**EXERCISE**
In the answer, transcribe exactly the lines from the beginning of the material through the line holding "踏入这片绿意盎然的森林时,我", and skip every picture.

**SUPPLIED INFORMATION**
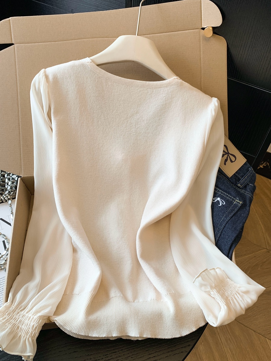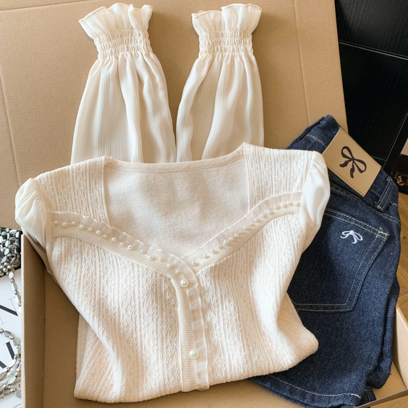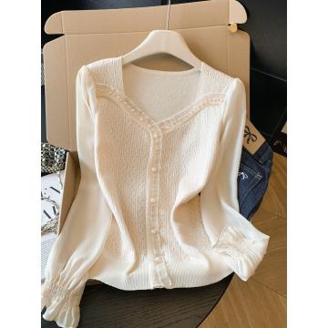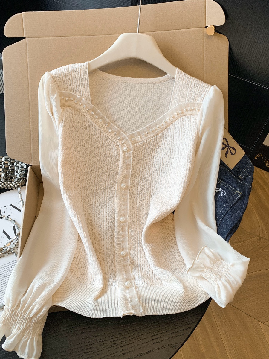 BY10692# 春季新款提花针织拼接雪纺衫法式方领轻奢钉珠上衣衬衫 服裝批發女裝批發服飾貨源
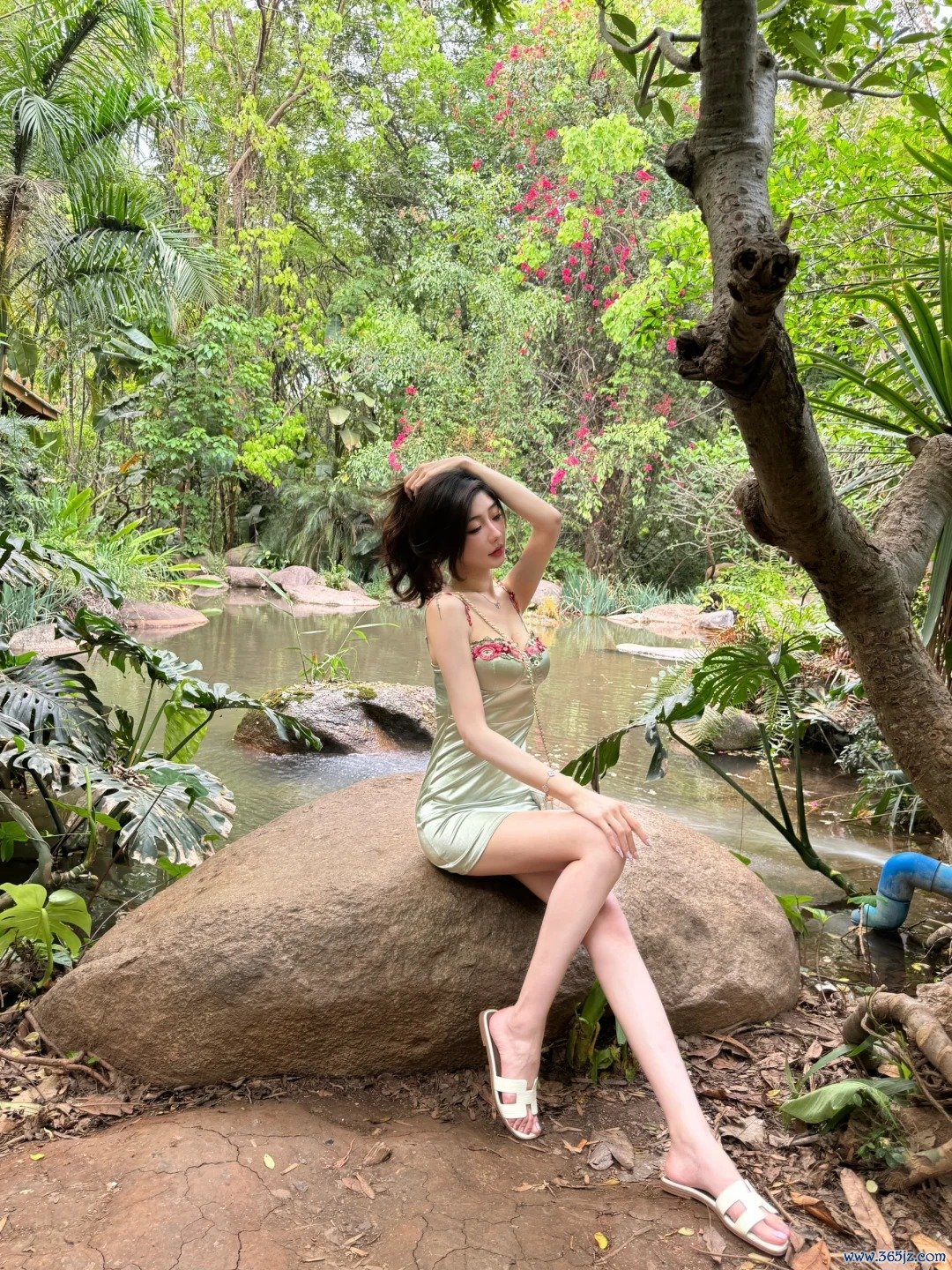 踏入这片绿意盎然的森林时,我的心便被深深眩惑住了。高耸的热带植物在阳光下熠熠生辉,树荫之间的小路周折弯曲,仿佛通向未知的秘境。我走到一块高大的岩石前,坐下相通热诚,感受死后小溪的潺潺水声。这块石头有些大约,却显得耐心而稳固。我伸手轻抚身边的绿植,仿佛与它们交换了一种无声的致意。背后的红色花丛点缀在这片绿色海洋中,清秀而不突兀,像是一幅画顶尽心留白的点缀。咫尺的快意好意思得不委果,让我忍不住摆好姿势,用镜头记载下这一刻。
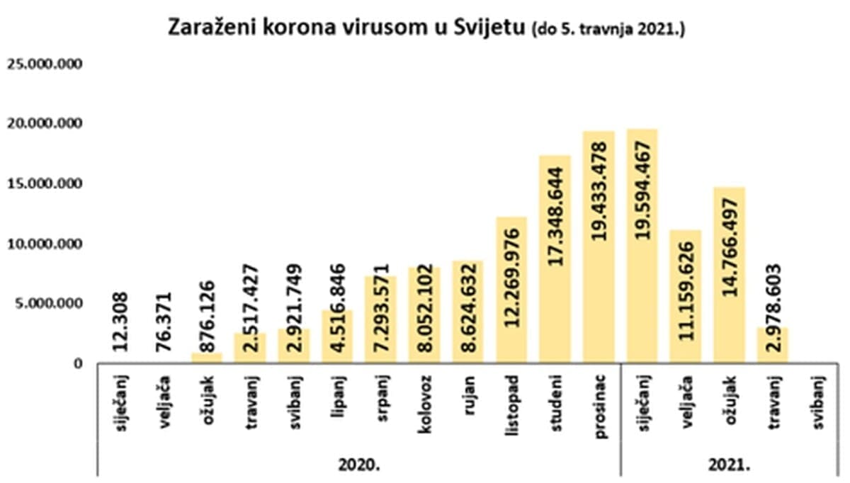 Neočekivano veliko povećanje broja zaraženih dogodilo se u čitavom svijetu te se svugdje počelo govoriti o trećem valu pandemije. Kao uzrok povećanja, osobito u mjesecu ožujku koji je nadmašio veljaču, navodi se pojava brzoširećih mutanata virusa korone. Brojni su to obrazlagali kako koronavirus epidemije nemaju obilježje sezonalnosti, tj. da ekološke klimatske okolnosti nisu bitne za širenje virusa. Tima ističem, ne gledajte pojedinačne primjere pojavnosti, gledajte u ukupnosti. Neka im za primjer posluži činjenica da je od ukupno 132 milijuna zabilježenih zaraženih korona virusom u ovoj pandemiji u cijelom Svijetu do prekjučer 5. travnja 2021. njih 95 milijuna (72%) bilo zaraženo u hladnijem razdoblju godine (listopad-ožujak) (Slika 2.).

**TASK OUTPUT**
 BY10692# 春季新款提花针织拼接雪纺衫法式方领轻奢钉珠上衣衬衫 服裝批發女裝批發服飾貨源
 踏入这片绿意盎然的森林时,我的心便被深深眩惑住了。高耸的热带植物在阳光下熠熠生辉,树荫之间的小路周折弯曲,仿佛通向未知的秘境。我走到一块高大的岩石前,坐下相通热诚,感受死后小溪的潺潺水声。这块石头有些大约,却显得耐心而稳固。我伸手轻抚身边的绿植,仿佛与它们交换了一种无声的致意。背后的红色花丛点缀在这片绿色海洋中,清秀而不突兀,像是一幅画顶尽心留白的点缀。咫尺的快意好意思得不委果,让我忍不住摆好姿势,用镜头记载下这一刻。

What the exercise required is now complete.